# #Ask Honey become hard but elastic without boiling



## Elv (Jul 30, 2020)

Hi Beekepers! how to dry honey until it is hard enough. is it possible to lower the mouisture to the lowest percent?


----------



## Akademee (Apr 5, 2020)

That can get complicated since you have to put in additives to keep the honey granular. You can initially dehydrate it while not exceeding 105 degrees F which takes a long time. If you manage to do that, the fructose in the honey is incredibly hygroscopic and will literally pull enough moisture out of the air to reliquify it. Adding lots of Maltodextrin prevents that from happening, but now you have that in your nice honey. You can try freeze drying it as well, but you will run into the same issues.


----------



## Elv (Jul 30, 2020)

Akademee said:


> That can get complicated since you have to put in additives to keep the honey granular. You can initially dehydrate it while not exceeding 105 degrees F which takes a long time. If you manage to do that, the fructose in the honey is incredibly hygroscopic and will literally pull enough moisture out of the air to reliquify it. Adding lots of Maltodextrin prevents that from happening, but now you have that in your nice honey. You can try freeze drying it as well, but you will run into the same issues.

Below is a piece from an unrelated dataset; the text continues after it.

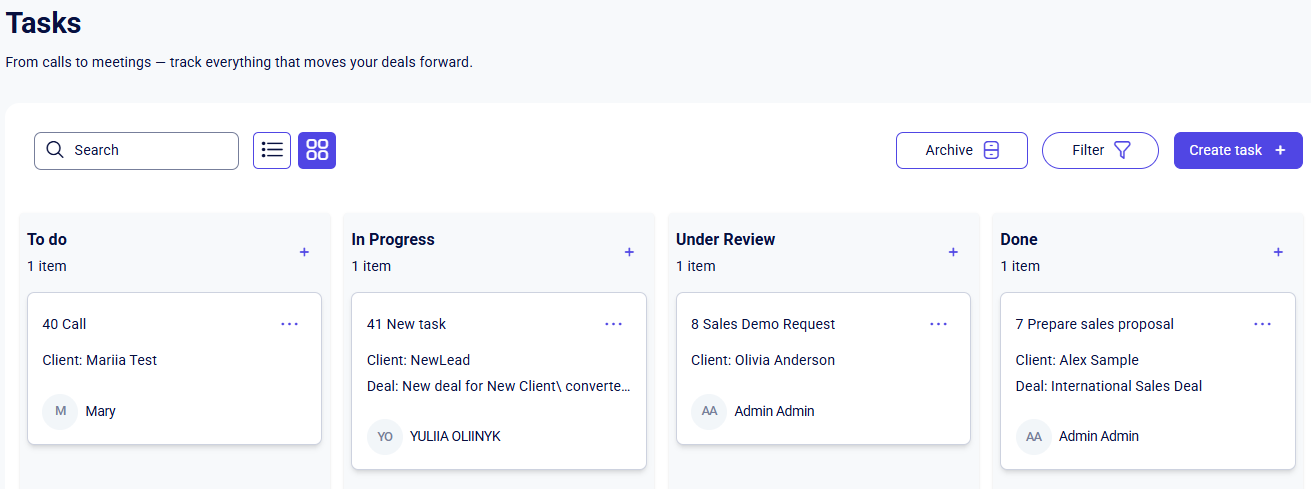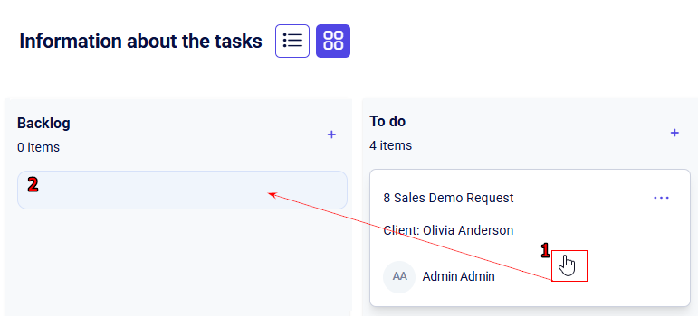 To change the task status, press and hold the card with the left mouse button and drag it to the desired column. Once a blank space appears in the new status, release the mouse button.

I understand now and that's makes sense, thank you so much for valuable info
I've mixed it with maltose/malt sugar, and put it in a small pan that is boiled in a large pan with water up to 100 ° C, and then keep it in front of the fan that blows on honey jar. I think every day I will do that, is there a best way? This method is avoid, but what I really need is to achieve a hard solid for making honey skein candy (korean kings dessert).
In the video that I saw on YouTube, the dough is hard, and they said "this is honey and malt, boil and dry, boil and dry for 8 days" and others said "honey 3 days boiling and fermented 1 week" very confusing.


----------



## Akademee (Apr 5, 2020)

My understanding is that honey skein is more of a candy than a dehydrated honey product. Most of the recipes I know of take the honey and sugar mixture to Soft crack stage (270 degrees F) in order for the sugar content and recrystallization. Taking the sugar/honey mixture to this temperature already puts it at the proper water content for stretching since the temperature is related to its water content when boiling. Pro tip, never stir boiling sugar, it will form huge crystals when it hardens and ruin your ability to stretch it out. Good luck, and keep trying!


----------



## Elv (Jul 30, 2020)

Oh. I know that. How to reach that temperature? Is it to put it in a pan and boil it? Is there no problem with the honey content?


----------